There are numerous things in this book the peruser ought not attempt, a large portion of them since they would scare or mischief other individuals, and notwithstanding the proof accumulated here that urinating on the electric rail of a train or tube line would not hurt or execute you, kindly don’t attempt it yourself. Nobody will be inspired and it is somewhat hostile. Hold up until you return home, locate an open loo or go and urinate in a bar can, inasmuch as you have ensured you are fixing yourself in the can.
Either at twelve, or toward the evening when the sun radiates through the club-molded balustrades running the length of Westminster Bridge, the top area extends to bring about a column of sunny, phallus shapes to show up. At first I thought it was a digitally upgraded remark on the inhabitants of the Houses of Parliament at the north end of the extension.
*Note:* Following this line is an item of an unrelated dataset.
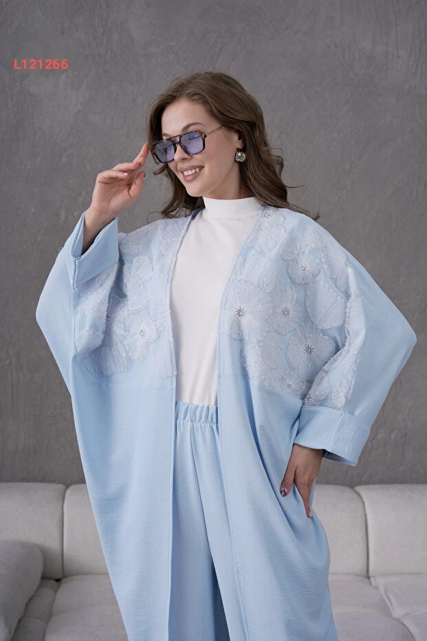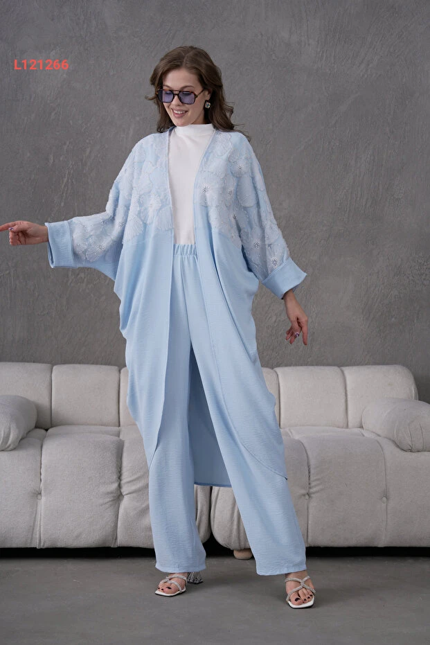 كيمونو هيركاء وبنطلون مزين بتفاصيل من الدانتيل والخرز واللؤلؤ من ميس ألوص للنساء

Tragically, I have not found an ideal opportunity to wait long on Westminster Bridge looking for lit up penises, yet one fearless London Escorts part (sad) of the Snopes message board went to Escorts in London Bridge and, at 1.03 p.m., captured a heap of appalling shapes. This was after others had rejected the picture as ‘totally unbelievable IMO [in my opinion]. The differentiation between the light penis and the shadow looks wrong.’ They were likewise off-base about the plural of penis.
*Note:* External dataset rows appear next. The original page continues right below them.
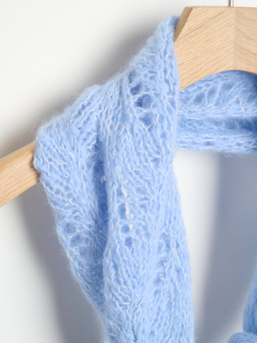 Det egner sig både som klassisk sjal over skulderne og som et let tørklæde omkring halsen.
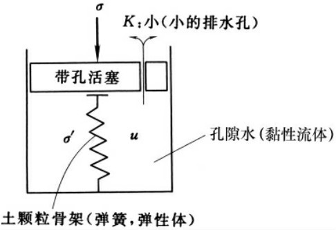 从上述固结现象的模拟过程可看出:在某一压力作用下,饱和土的固结过程就是土体中各点的超孔隙水压力不断消散、有效应力相应增长的过程,或者说是超孔隙水压力逐渐转化为有效应力的过程,而在这种转化的过程中,任一时刻任一深度上的应力始终遵循着有效应力原理。
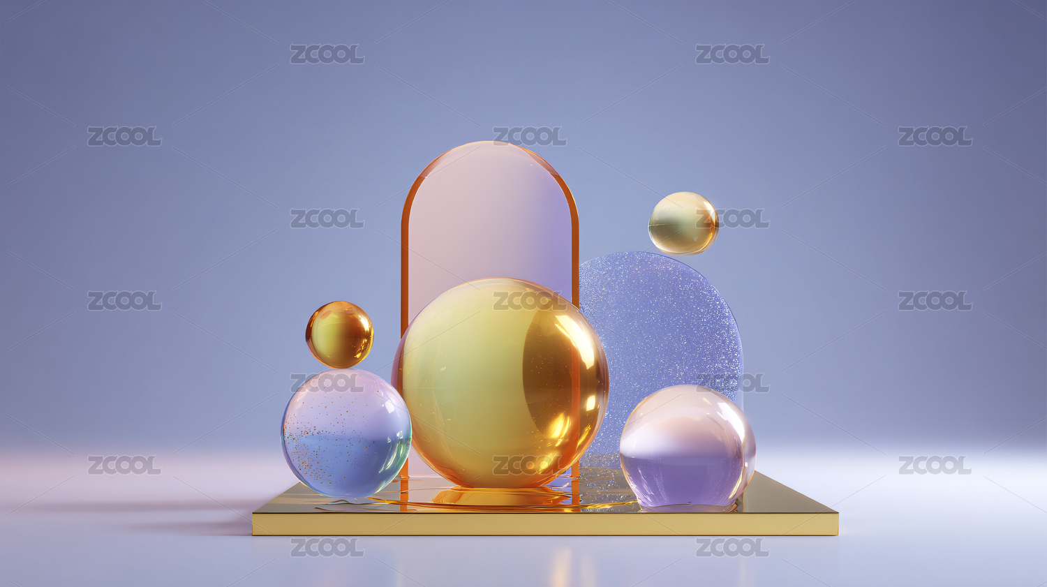 球体,方块,半圆,三角,玻璃,反射,光线,颜色,质感,透明

The story that accompanied the bona fide picture was a joke about the Mayor of London Escorts, Boris Johnson, shutting Westminster Bridge in the evenings to abstain from culpable individuals with the glowing pictures. As pointed out on the Snopes board, whoever composed the joke, considered important by perusers outside the UK, did not know Boris Johnson and his incomparable mind. The site London Escorts ascribed the presence of the penises to the 2007 restoration of Westminster Bridge, when the balustrades were introduced without thought to how their layouts may look in the long evening light.